It's
a kind of applause
Bishop Paul V. Marshall
November, 2003
"I hear she wasn't a very nice
person." Similar words greeted me with some regularity when
I pointed out what a good thing it was that the Roman Catholic Church
had put Mother Teresa on the track for the status of saint.
I have no personal knowledge of Mother Teresa, but my guess is that someone
who gave her life to advocacy for the poor and got her hands dirty caring for
the poorest might not be likable in the conventional sense, any more than Jesus
was nice.
That is something in our culture that is willing to idolize recording stars
and sports heroes but rebels against the idea that there are heroes of virtue.
We tend to express contempt when someone's virtue makes us fear that they think
they are better than we are. How many young spiritual heroes have been squashed
by well-meaning folks telling them not to be better than other people?
Mother Teresa practiced her game and developed her art, becoming a star in
compassion and advocacy. It takes nothing away from us to recognize her focus
and accomplishment. It takes nothing away from us to recognize her discipline
and energy. It takes nothing away from us to contemplate the ways in which,
in fact, she is better than we are. Or does it?
November brings Christians of my ilk the question of sainthood, of heroism
and holiness of life. None of the saints were perfect - the New Testament does
not attempt to disguise this about Peter and Paul, and twice Jesus had to rebuke
his mother.
Imperfect as they were, the saints revealed enough grace and virtue to be called "saints," a
word meaning holy, that is, devoted to God. In each there was a flame that
burned brightly for God and humanity.
Devoted to God: that is the major inconvenience presented by holy people, whether
they are focused on the poor of the earth or transported in mystical contemplation.
They are the people around us who are not in life for themselves, who have
a cause from which they do not profit and from which they are not looking to
retire in comfort. Builders of great institutions and communities or servants
of the lowest, they knew why they were alive.
The heart of the problem is that holy people remind us how often our own lives
lack a sense of mission or direction, how often we go through the day with
no thought given to improving the planet or deepening our vision.

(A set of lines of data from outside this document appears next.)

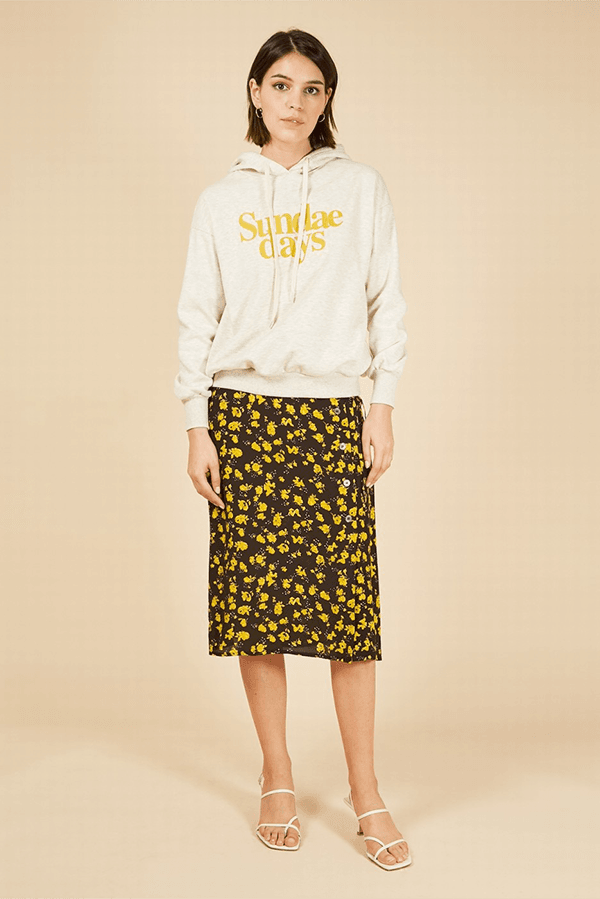 Jupe longue à boutons et fleurs jaunes de FRNCH
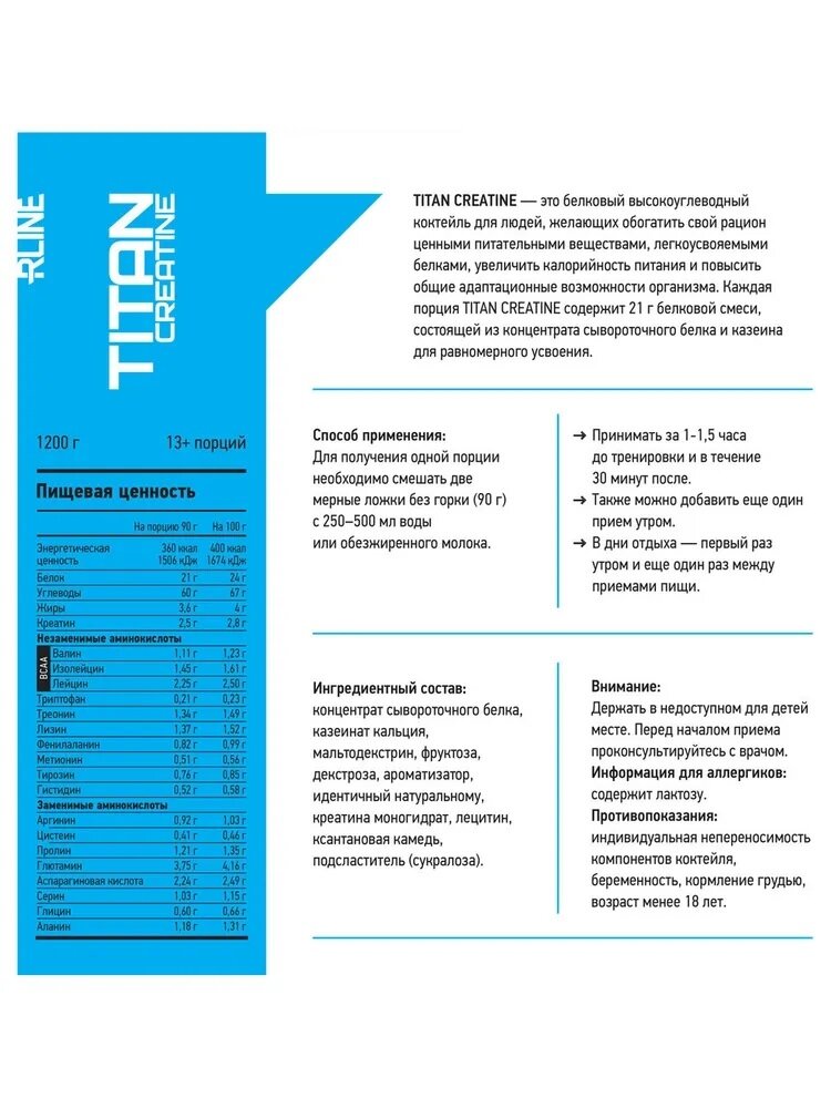 Гейнер Rline Titan Creatine, ваниль, 4000 гр
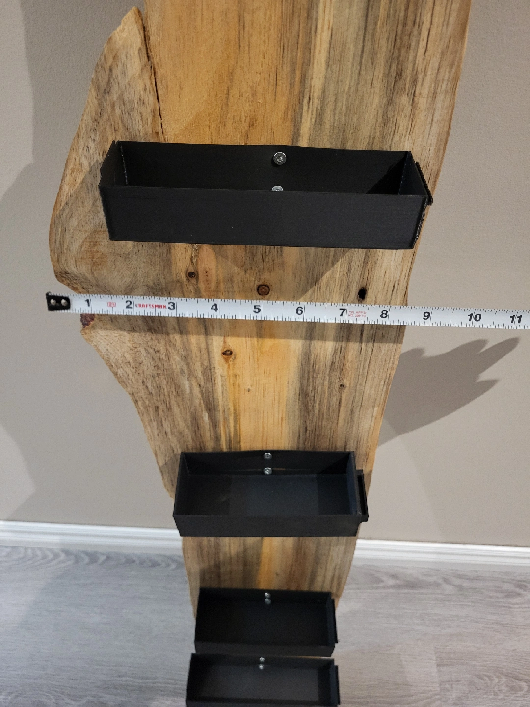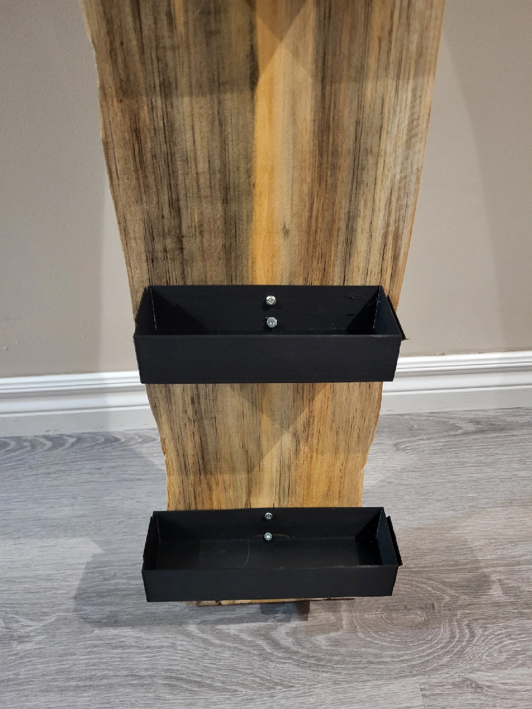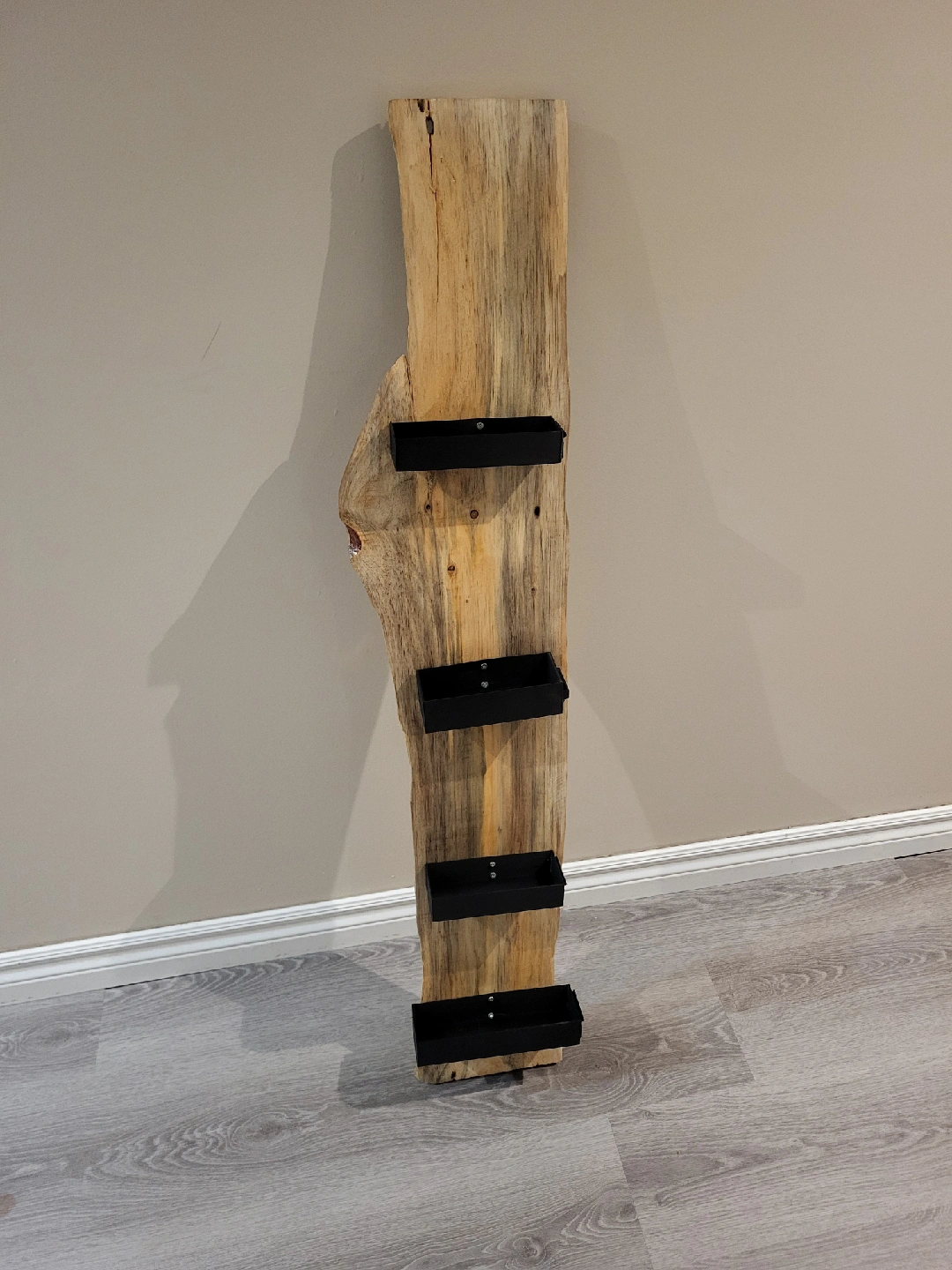 Check out this unique rustic shelf! It's made from a beautiful piece of natural wood and features four sturdy black plastic baskets. Perfect for adding a touch of nature and organization to any room. The shelf is approximately 44 inches tall and the baskets vary slightly.

Some of us
stay busy in order to avoid deepening our vision.
When we think too long about holy people, we risk losing comfort with spiritual
laziness. We Protestants say we know we are saved by God's grace. We are tempted
to let it go at that, content with trying to stay out of trouble and occasionally
helping a good cause. Contemplating the saints challenges us not to receive
the grace of God in vain, and invites us to let God really make something of
us.
Those of us who lift weights know that humans are all given the same number
of muscles as a gift. What we do to develop them and keep them healthy is a
matter of personal commitment, discipline, and focus. Gifts are to be used.
Unlike rock stars and sports heroes, each saint holds a record he or she hopes
will be broken, and soon. The New Testament letter to the Hebrews uses the
image of the sports stadium, imagining the assembly of saints cheering us on,
praying for us, encouraging us.
In movie I like, Robin Williams plays a defrocked psychiatrist who tells a
man struggling with smoking to find out whether he is a smoker or not, and
then simply to be what he is.
To think of the saints, each with their particular virtues, is to look deep
inside for our own passion or focus, and to be what we are with a certain ruthlessness.
There will be people who will react to that much focus by thinking we are not
very nice: but that, after all, is a kind of applause.